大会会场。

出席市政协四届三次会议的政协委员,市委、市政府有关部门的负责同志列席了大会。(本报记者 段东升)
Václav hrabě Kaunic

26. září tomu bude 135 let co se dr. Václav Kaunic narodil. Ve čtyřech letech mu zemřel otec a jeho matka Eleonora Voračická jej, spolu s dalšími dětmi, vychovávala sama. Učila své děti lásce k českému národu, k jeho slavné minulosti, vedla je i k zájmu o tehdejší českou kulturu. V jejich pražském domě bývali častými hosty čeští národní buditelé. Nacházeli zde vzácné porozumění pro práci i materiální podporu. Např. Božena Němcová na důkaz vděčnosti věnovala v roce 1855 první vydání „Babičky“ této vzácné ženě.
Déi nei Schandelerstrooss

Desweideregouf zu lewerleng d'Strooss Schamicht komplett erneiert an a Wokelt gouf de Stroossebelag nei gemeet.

◆ ◆ ◆ ◆ ◆ ◆ ◆

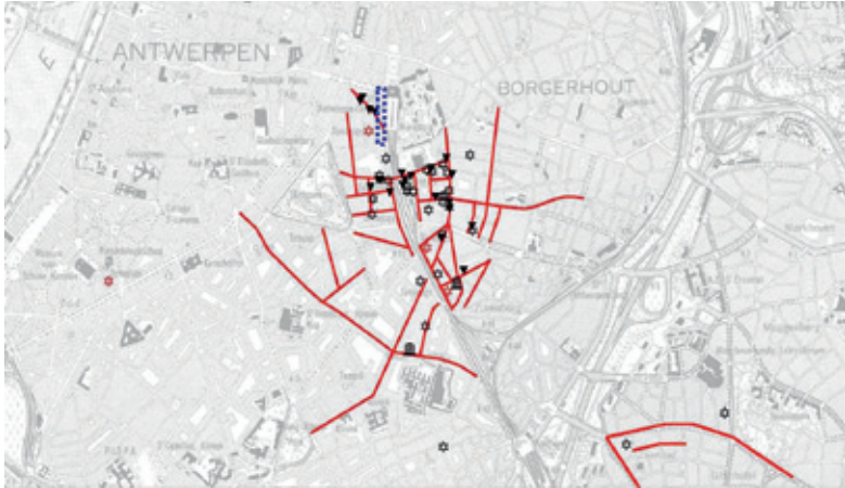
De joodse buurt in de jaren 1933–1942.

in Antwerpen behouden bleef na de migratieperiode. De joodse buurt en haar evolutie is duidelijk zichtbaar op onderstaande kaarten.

◆ ◆ ◆ ◆ ◆ ◆ ◆

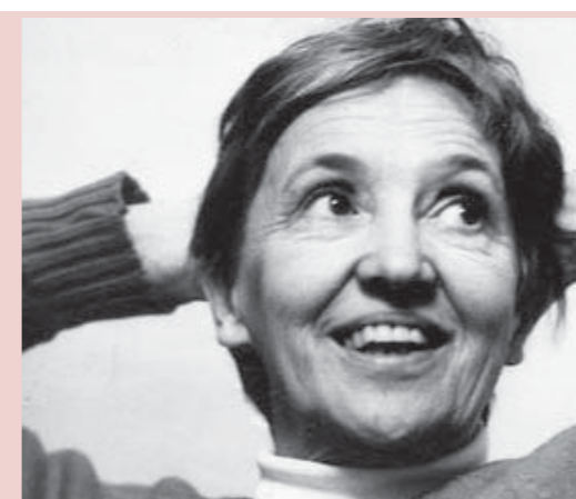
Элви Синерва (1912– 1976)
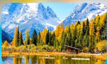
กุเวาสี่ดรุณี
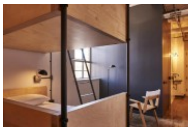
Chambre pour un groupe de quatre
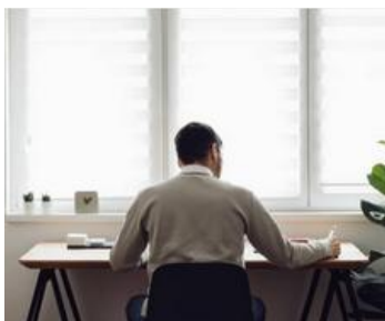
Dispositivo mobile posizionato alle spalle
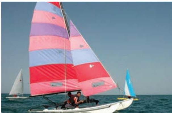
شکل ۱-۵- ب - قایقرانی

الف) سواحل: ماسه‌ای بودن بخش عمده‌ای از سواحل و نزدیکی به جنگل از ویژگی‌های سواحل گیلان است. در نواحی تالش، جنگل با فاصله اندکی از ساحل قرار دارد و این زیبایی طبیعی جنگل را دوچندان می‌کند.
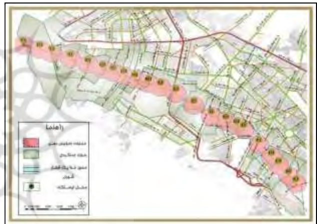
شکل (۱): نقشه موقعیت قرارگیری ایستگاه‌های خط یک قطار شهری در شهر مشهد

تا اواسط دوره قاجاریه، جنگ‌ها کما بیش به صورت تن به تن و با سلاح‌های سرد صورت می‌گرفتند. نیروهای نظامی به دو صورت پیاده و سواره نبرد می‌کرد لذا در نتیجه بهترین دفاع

◆ ◆ ◆ ◆ ◆ ◆ ◆

*HOW TO COMPLETE THIS TASK*
Nothing but the lines above, starting at the line that contains "Chambre pour un groupe de quatre" and ending at the line that contains "تا اواسط دوره", should be given again, exactly and without the pictures.

*ANSWER SECTION*
Chambre pour un groupe de quatre
Dispositivo mobile posizionato alle spalle
شکل ۱-۵- ب - قایقرانی

الف) سواحل: ماسه‌ای بودن بخش عمده‌ای از سواحل و نزدیکی به جنگل از ویژگی‌های سواحل گیلان است. در نواحی تالش، جنگل با فاصله اندکی از ساحل قرار دارد و این زیبایی طبیعی جنگل را دوچندان می‌کند.
شکل (۱): نقشه موقعیت قرارگیری ایستگاه‌های خط یک قطار شهری در شهر مشهد

تا اواسط دوره قاجاریه، جنگ‌ها کما بیش به صورت تن به تن و با سلاح‌های سرد صورت می‌گرفتند. نیروهای نظامی به دو صورت پیاده و سواره نبرد می‌کرد لذا در نتیجه بهترین دفاع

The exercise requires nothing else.